In his excellent work on Arkansas Mortgages, at 322 thereof, Judge HUGHES says: "So far as the mortgage itself is concerned, the probate court is without power. That court has no jurisdiction in respect of foreclosure or redemption, and even its judgment allowing the mortgage debt as a claim against the estate is not conclusive upon chancery courts as to the amount of the debt in foreclosure or redemption actions subsequently instituted therein." Here, however, the probate court is directed to proceed in a matter over which the chancery court first obtained jurisdiction and in which it is still asserting that jurisdiction.
The views here expressed are not in conflict with the statement of the remedies of a mortgagee against the estate of a deceased mortgagor appearing in Rhodes v.
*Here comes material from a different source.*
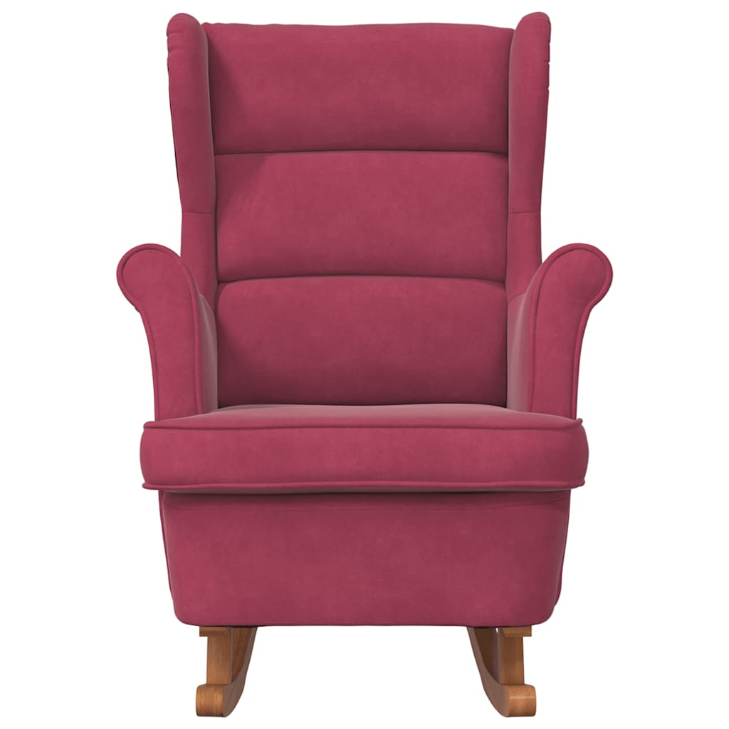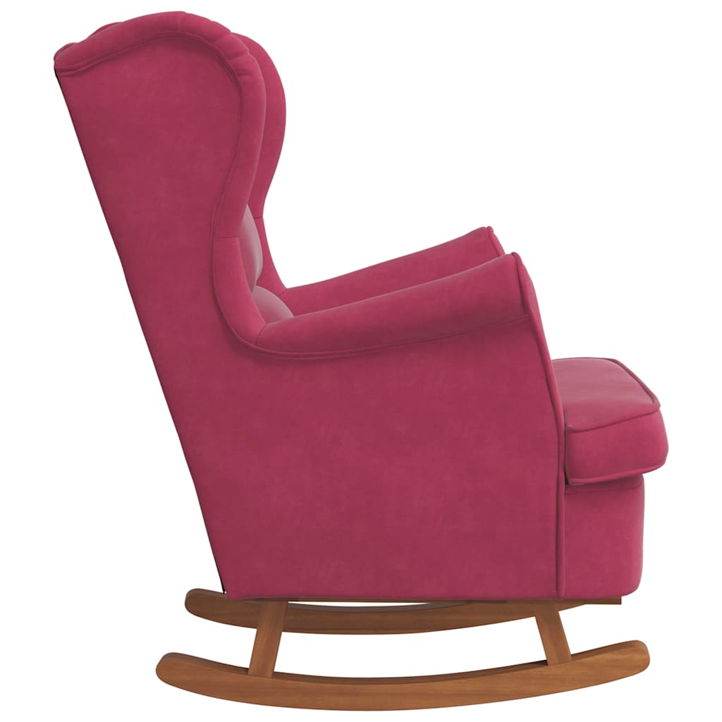 Ce fauteuil à bascule est une excellente combinaison de design élégant et de fonctionnalité. Le mélange de savoir-faire et de matériaux de qualité fait de ce fauteuil sur mesure une pièce essentielle de votre décoration intérieure. Grâce à sa mousse rembourrée recouverte de velours doux au toucher, vous pourrez profiter d'un confort optimal pendant votre temps d'assise. De plus, cette chaise de salon est soutenue par des pieds à bascule en bois d'hévéa massif qui assurent une stabilité supplémentaire.

Cannon, 112 Ark. 13, 164 S.W. 752. It was there said that the mortgage creditor might go into the probate court and probate his claim against the estate generally, or might foreclose his lien in the chancery court, or that he might pursue both remedies, but there was not involved in that case, as there is here, any question as to the practice in the pursuit of these remedies.
Here the expressed purpose of the probate court was to treat the demand of appellants as properly filed for allowance, but to postpone the adjudication of the balance due thereon until it became known what credits would *Page 61 
arise from the sale of the lands under the foreclosure proceeding pending in the Ashley Chancery Court, and, as I think this was the proper course for that court to pursue, I dissent from the order of this court awarding a writ of mandamus directing the probate court to allow the demand before knowing what credits should be applied thereon.
I am authorized to say that Mr. Justice BUTLER concurs in the views here expressed.